Thitinan Pongsudhirak, director of the Institute of Security and International Studies at Chulalongkorn University, says Thailand is in a difficult diplomatic situation.

"On the other hand you have China, which is a resident superpower.  Thailand is very close to China.  So, somehow this balancing act.  It's difficult enough to achieve a balancing act but to achieve it and to promote and achieve a Code of Conduct in the South China Sea…is not easy," said Thitinan Pongsudhirak.

Beijing has been dragging its feet on the negotiations and in recent years has more aggressively supported its territorial claims with patrol boats and escorts for its fishing vessels.

Increased competition for the South China Sea's rich fishing grounds and fossil fuels has led to occasional clashes and arrests of fishermen.

Vietnam last month demanded compensation after a Chinese ship collided with one of its fishing boats.  In March Hanoi accused a Chinese ship of firing on fishermen near the disputed Paracel Islands.  Both countries claim the Paracels but Beijing has controlled the islands since naval clashes with Vietnam in the 1970s.

Ships from the Philippines and China faced off last month in the Spratly islands.  Similar tensions between the two last year lasted for months and raised the possibility of the U.S. getting involved because of a mutual defense treaty with the Philippines.

The U.S. declared a national interest in maintaining peace and stability and freedom of navigation in the South China Sea.

U.S. participation

The U.S. Secretary of State, John Kerry, is expected to attend the ASEAN meetings in Brunei for the first time. 

Political analyst Thitinan Pongsudhirak says Kerry is entering a trickier situation than his predecessor, Hillary Clinton.

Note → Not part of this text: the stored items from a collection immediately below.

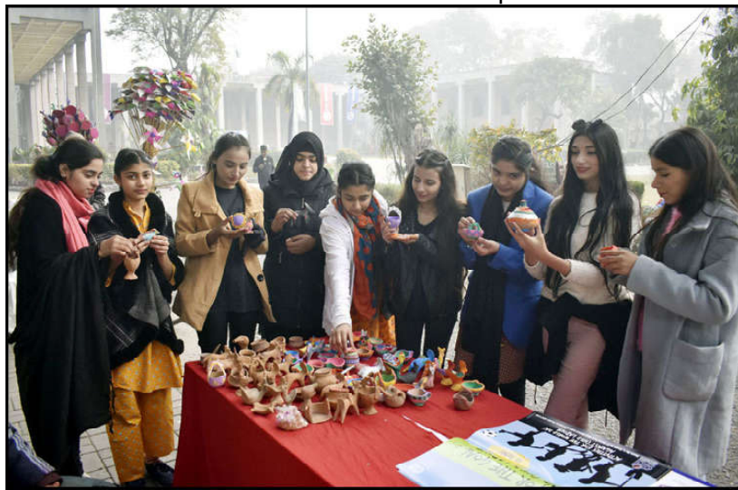
LAHORE: Visitors are taking interest in different kind of traditional stuff on stalls during "Gusy Fair" at Children Library in Provincial Capital.

ISLAMABAD (APP): Chief Election Commissioner (CEC) Sikandar Sultan Raja and members of the Election Commission on Wednesday conveyed profound sadness and grief regarding the tragic demise of four Election Commission employees due to a gas leakage incident in Kashmir. According to the Election Commission spokesperson, four employees, including an election officer, two data entry operators, and a sub-assistant, tragically lost their lives in Kashmir due to a gas leakage incident. In his message, Chief Election Commissioner (CEC) expressed deep condolences.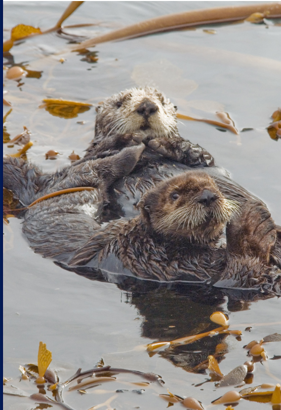
"Sea Otters"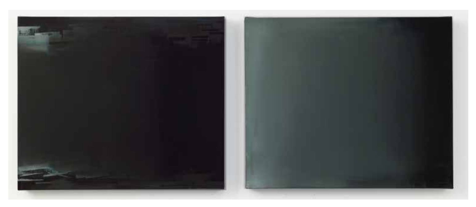
Black milk of daybreak we drink it at evening we drink it at midday and morning we drink it at night..., 2016, oil on canvas, diptych, 21.5 x 53 inches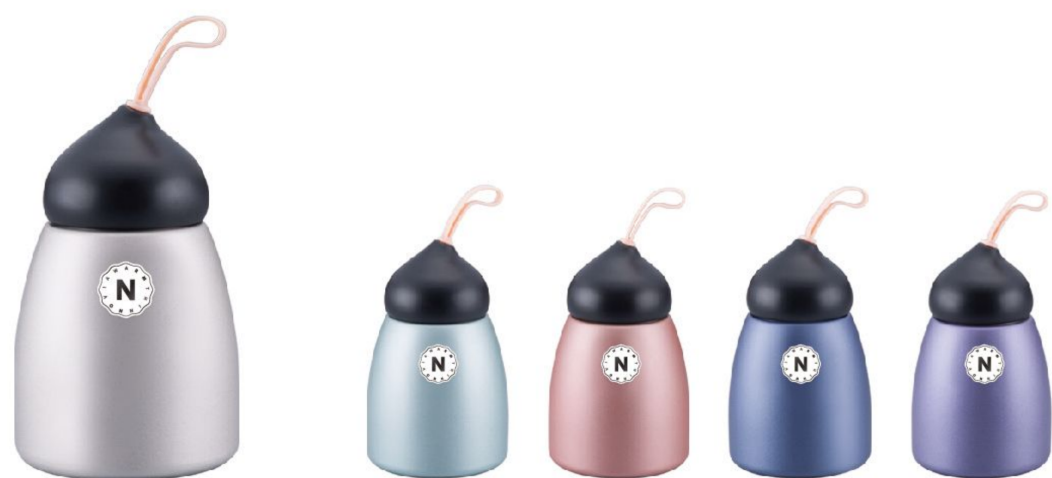
ITEM NO.:NYE2-26 Capacity:260ml Specification(cm): 8.2×8.2×13cm

Super clean finished process for less stain and odor; Vacuum insulation structure gives you hot and cold beverage longer; Compact and light weight to store into the bag.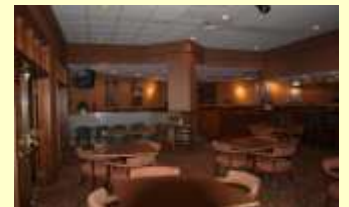
Left: Bar and restaurant in the Holiday Inn being converted into student social study space.

I was amazed at the University's decision to buy a 400 room Holiday Inn hotel next door to the Uni and convert to a residence hall to meet a higher level of student demand for this year. An amazing work schedule to achieve a very quick turnaround. The time period from decision to buy to open was weeks. www.youtube.com/watch?v=xsp1qoEup2c - Related videos).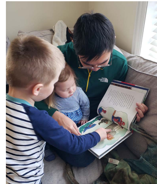
Reading with the kiddos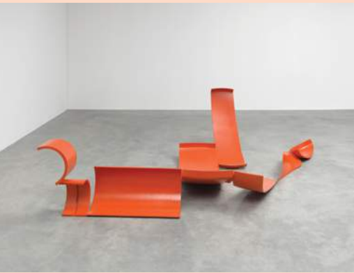
Frieze Masters Anselm Kiefer, Berlin, 1989. Steel, painted brown, 90 x 234 x 315 cm

5 – 8 OCTOBER 2017 Frieze London and Frieze Masters 2017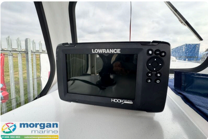
Hardy PH 17 - plotter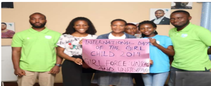
Secretariat members during the campaign

This year, under the theme, “GirlForce: Unscripted and unstoppable” , WANEP- Nigeria celebrate achievements by girls across the globe since the adoption of the Beijing Declaration and Platform for Action. It is noteworthy that in nearly 25 years, more girls move from dreams to actualizing their potentials. More girls are knowledgeable are gaining the skills they need to excel in the future world of work. There is need to continue to educate girls that they can break boundaries and barriers posed by stereotypes and exclusion, including those directed at children with disabilities and those living in marginalized communities. The Campaign which was organized in the WANEP – Nigeria Secretariat drew attention to the many challenges still besieging the girl child in Nigeria.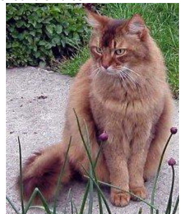
SLH Somali 63L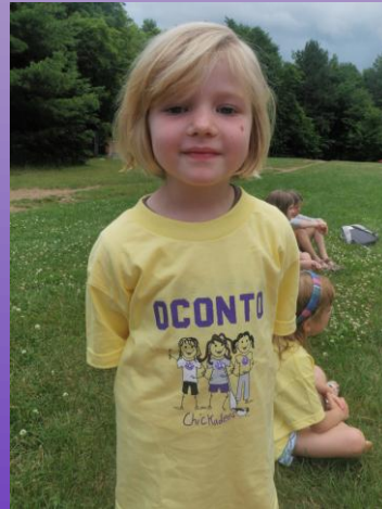
One of our June Pre Tads, known as Chickadees, showing off her new shirt!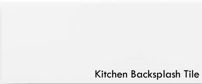
Kitchen Backsplash Tile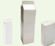
Cartons (Milk, juice & food)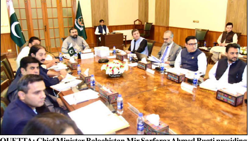
QUETTA: Chief Minister Balochistan Mir Sarfaraz Ahmed Bugti presiding over meeting of Disaster Management Commission

rupees to convert agricultural tube wells on solar energy in Balochistan.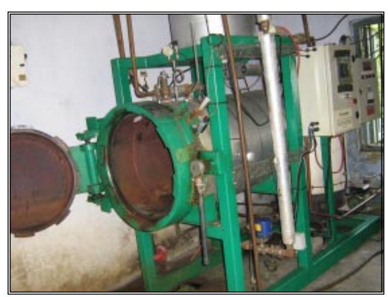
Autoclave installed at JNM Hospital-Kalyani under WBHSDP, Health Department, Government of West Bengal for treatment of non-anatomical bio-medical waste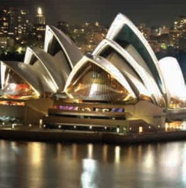
Sydney Opera House, Australia, 2007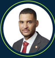
Yamil Lasten Curoil NV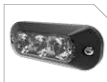
FRONT STROBE LIGHTS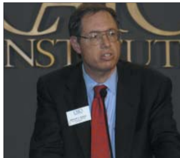
Richard Epstein of the University of Chicago Law School delivers the annual B. Kenneth Simon Lecture.

For the third year in a row, the Review was published on Constitution Day, September 17. Its publication was kicked off by a daylong conference, at which leading constitutional scholars examined the just-completed term and previewed the most important cases in the upcoming term. Probably the most anticipated decision last term was McConnell v. FEC , in which the Court upheld the controversial McCain-Feingold campaign finance reform law. FEC chairman Bradley Smith blasted the decision, which he said gives Congress wide latitude to restrict political speech, traditionally a core First Amendment value. He predicted that the current legal confusion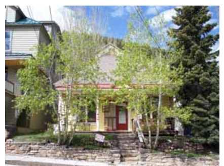
343 PARK AVENUE Landmark Site Designated Feb. 4, 2009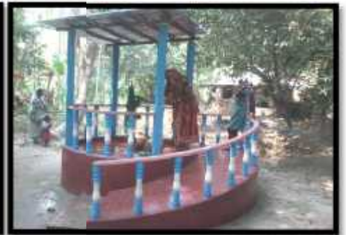
Lifting Platform with Tube well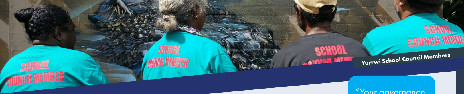
Yurrwi School Council Members

"Fantastic night of information. Thank you so much. Very professional."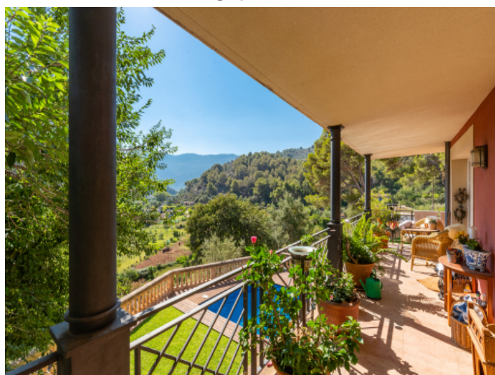
Covered terrace with mountain views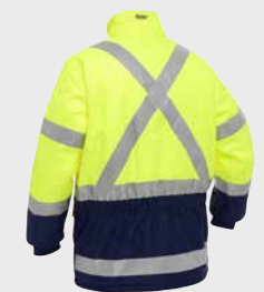
REFLECTIVE "X" TAPED PATTERN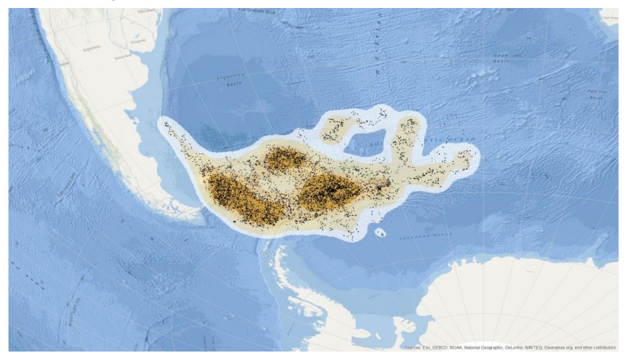
Figure 2. Main foraging areas (derived from Kernel density estimation) of macaroni penguins breeding at Bird Island, South Georgia (data provided by BAS). White-orange gradient correspond to increasing utilization of the areas by the penguins (black dots represent the original positions derived from the tracking devices).

The analyse of all available tracking data to define candidate sites for special protection will be undertaken once the new database is populated with data from contributing scientists. Preliminary analyses have already been undertaken for some of the datasets already submitted and initial testing of BirdLife marine IBA approaches have proved positive.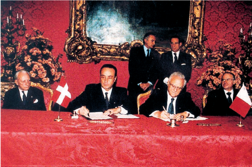
Signing the new agreement between the Order and the Republic of Malta on Fort St. Angelo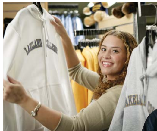
▲ There's a place for everyone to pursue special interests and expand personal skills in campus clubs and activities.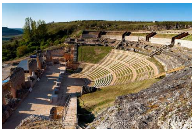
Anfiteatro de Clunia, Burgos

The Festival, which will take place on the 11th, 12th, 13th, 18th and 19th of August, will be held in the unique setting of the Roman Theatre of Clunia, located in the town of Peñalba de Castro. The Roman city of Clunia Sulpicia was one of the largest and most significant cities in Roman Hispania. Before the Romans, Clunia was a settlement of the Arévacos, as well as a site of the Cantabrians and Vascones. Tiberius founded a Roman municipium there and later, in the time of the emperors Galba or Hadrian, it obtained the rank of colony, Colonia Clunia Sulpicia. The city grew to more than 30000 inhabitants. Highlights include its remarkable theatre, which was excavated out of the rock itself, boasting a capacity for 9000 spectators; the thermal complex of "Los Arcos" and the forum, a public square that worked as a religious, administrative and commercial centre. There stood the temple dedicated to Jupiter and the courts of justice, as well as the magnificent collection of mosaics discovered in many of its stately homes.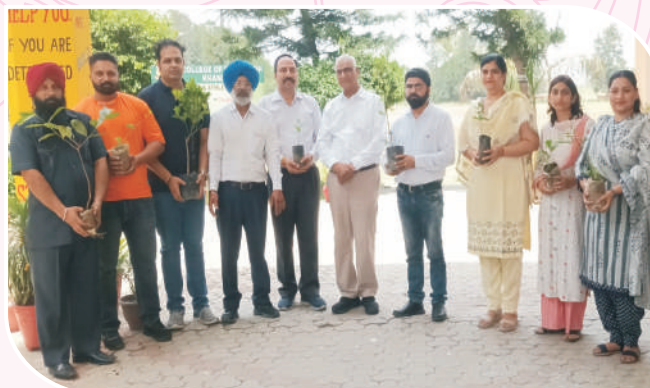
Tree Plantation on World Environment Day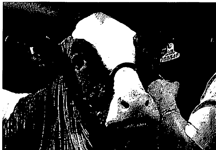
Fluttering her eyes for a few more bids, this young red heifer looks on.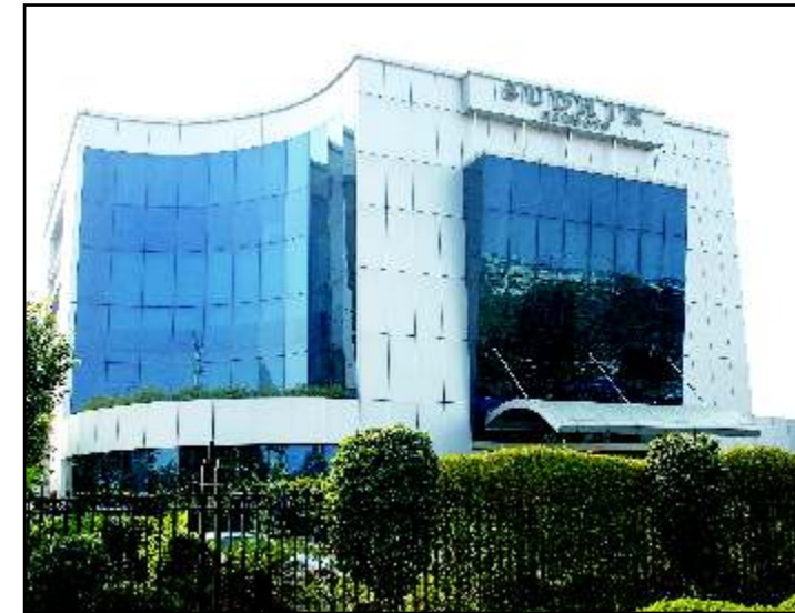
Corporate Office, Gurgaon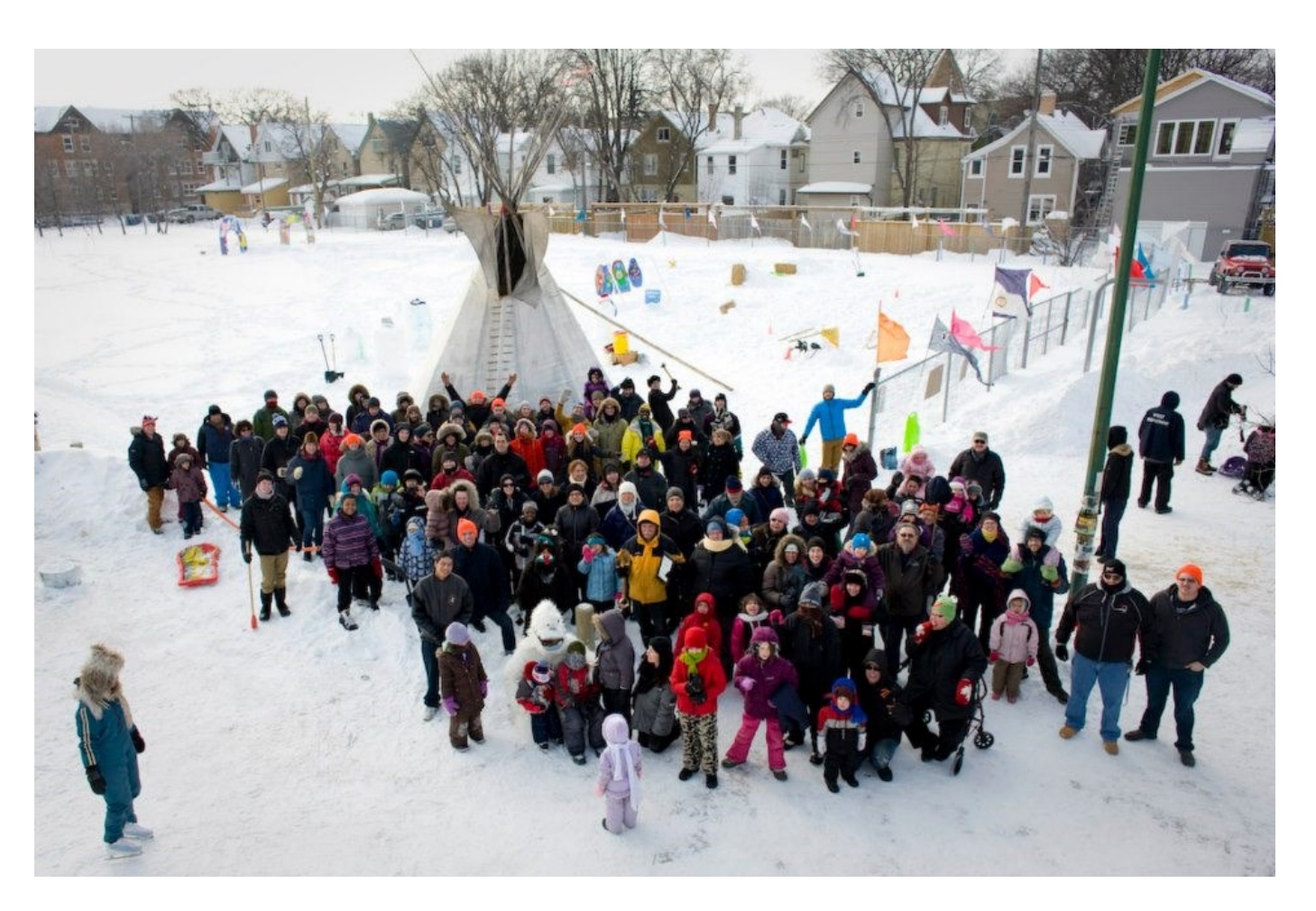
2012-13 Annual Report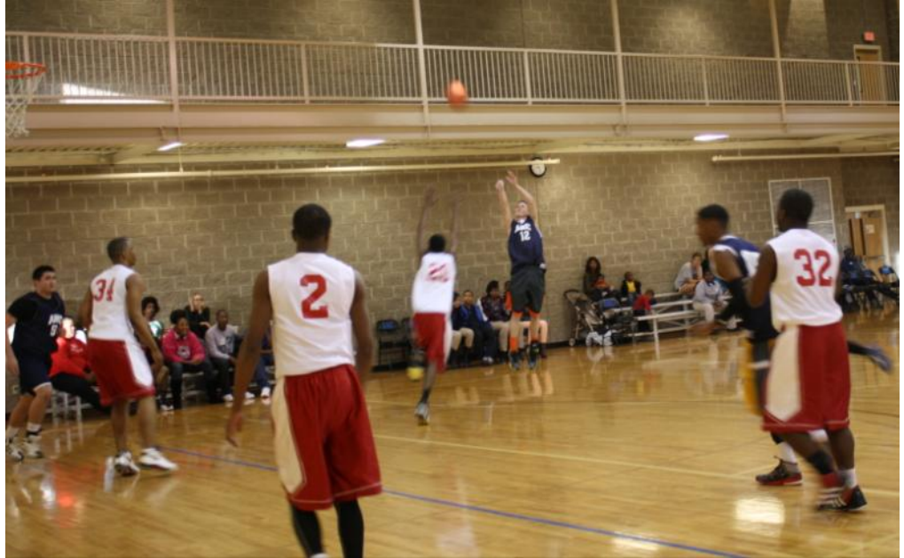
ANC team member takes a long three point shot during the 2/12/13 game against PCCUA.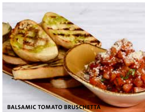
BALSAMIC TOMATO BRUSCHETTA

"The South China Sea is now much hotter than it was under Clinton.  So, it's more challenging for the U.S. to play a role as a staying power, an honest broker, with friends and allies in the region, without antagonizing China, which is a rising power," said Thitinan Pongsudhirak.

At separate meetings in Brunei, ASEAN ministers are expected to focus on challenges to economic integration. 

ASEAN's ten member nations plan to form an economic community by the end of 2015 by lowering barriers to labor flows and trade.

But, Hiebert says while ASEAN claims 74 percent completion, some members are slowing down progress.  He says Indonesia, ASEAN's biggest economy, has introduced protectionist measures over the last couple years that make it difficult to import foreign agricultural products. 

“So, one of the toughest issues is, of course, how are you going to deal with the largest economy, which is, you know, basically half the GDP of Southeast Asia.  And, then you have the much poorer countries-Burma/Myanmar, Laos, Cambodia that are really very far behind and don't really have the technical, the personnel capabilities," he said.

Hiebert says Brunei is under pressure to make progress this year as Burma will take the ASEAN chair in 2014.  Many worry the reforming country may be overstretched and unable to push as much forward in the ASEAN agenda.

Brunei will host a final round of ASEAN summit meetings in October with East Asia leaders plus Australia, India, New Zealand, Russia and the United States.

ASEAN's ten members are Brunei, Burma, Cambodia, Indonesia, Laos, Malaysia, the Philippines, Singapore, Thailand, and Vietnam.